Imagine that a contract contains the following sentence: Acme represents that it shall promptly replace defective Equipment. Even though it uses represents, that sentence imposes an obligation, so according to caselaw on the elements of a claim for misrepresentation, it wouldn’t constitute a representation supporting a claim for misrepresentation. It would elevate form over substance to suggest that use of represents would be enough to make that sentence a representation.
It would be equally bizarre to conclude, as the restrictive remedies rationale requires, that an intended remedy isn’t available because it’s not introduced by the appropriate verb. For example, if a party’s statements of fact are introduced by neither represents nor warrants, according to the logic of the restrictive remedies rationale the counterparty would have no remedy, regardless of the nature of those statements. It would be hard to justify that.
It’s Not Supported by the Law
Third, this author has found no U.S. caselaw supporting the notion that if you use represents in a sentence, what follows will as a matter of law constitute a representation supporting an action for misrepresentation, regardless of what the sentence says, or that if you use warrants in a sentence, what follows will as a matter of law constitute a warranty supporting an action for breach of warranty, regardless of what the sentence says.
As for the restrictive version of the remedies rationale, there’s no meaningful support for the notion that to constitute a representation, a statement must be introduced by represents or referred to as a representation, and to constitute a warranty, a statement must be introduced by warrants or referred to as a warranty. Instead, there’s caselaw to the opposite effect, in that use of represents or representations in a contract hasn’t precluded some courts from holding that the statement in question is actually a warranty. And section 2-313(2) of the Uniform Commercial Code states that “[i]t is not necessary to the creation of an express warranty that the seller use formal words such as ‘warrant’ or ‘guarantee’ or that he have a specific intention to make a warranty.”

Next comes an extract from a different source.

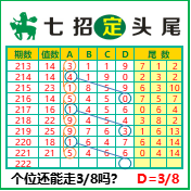 “七招定头尾”第3222期推荐版局规律,本期主攻38个位走第四步.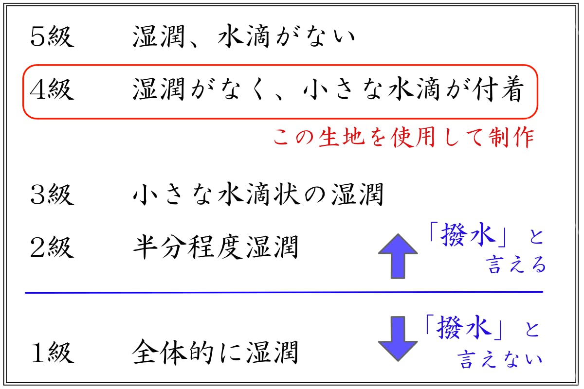 ※試験方法:生地に水スプレーを掛けてから、固い物に軽く当て水滴を落とし、その生地にどれだけ水分が残っているのかで等級を判定。

Semantically, It Makes No Sense
Fourth, the semantics of the remedies rationale makes no sense. To permit the verb to have remedies implications, or to require it do so, is to impose on the verb a semantic function it doesn’t have in standard English. It’s unreasonable to expect readers to make that connection.
It Doesn’t Explain Current Practice
And fifth, what is the simplest explanation for prevalence of use of represents and warrants outside of the context of statements of fact relating to goods? It isn’t that after considering potential remedies if a dispute occurs, contract parties opt to make it explicit that inaccurate statements of fact could give rise to an action for misrepresentation or an action for breach of warranty, or both.
Instead, if contract parties are presented with three options with ostensibly meaningful implications – represents, warrants, or represents and warrants – yet overwhelmingly opt for represents and warrants regardless of the nature of the transaction, the simplest explanation is that they don’t recognize that they’re making a choice.
That impression is reinforced by the way mergers-and-acquisitions contracts generally provide for indemnification as the exclusive remedy yet overwhelmingly use represents and warrants. If use of represents and warrants is an empty gesture there, economy of hypothesis suggests that it’s an empty gesture elsewhere. It also follows that there’s no reason to attribute significance to use of either represents or warrants alone.
So it’s reasonable to conclude that in the United States, the remedies rationale for use of represents and warrants is of no practical relevance.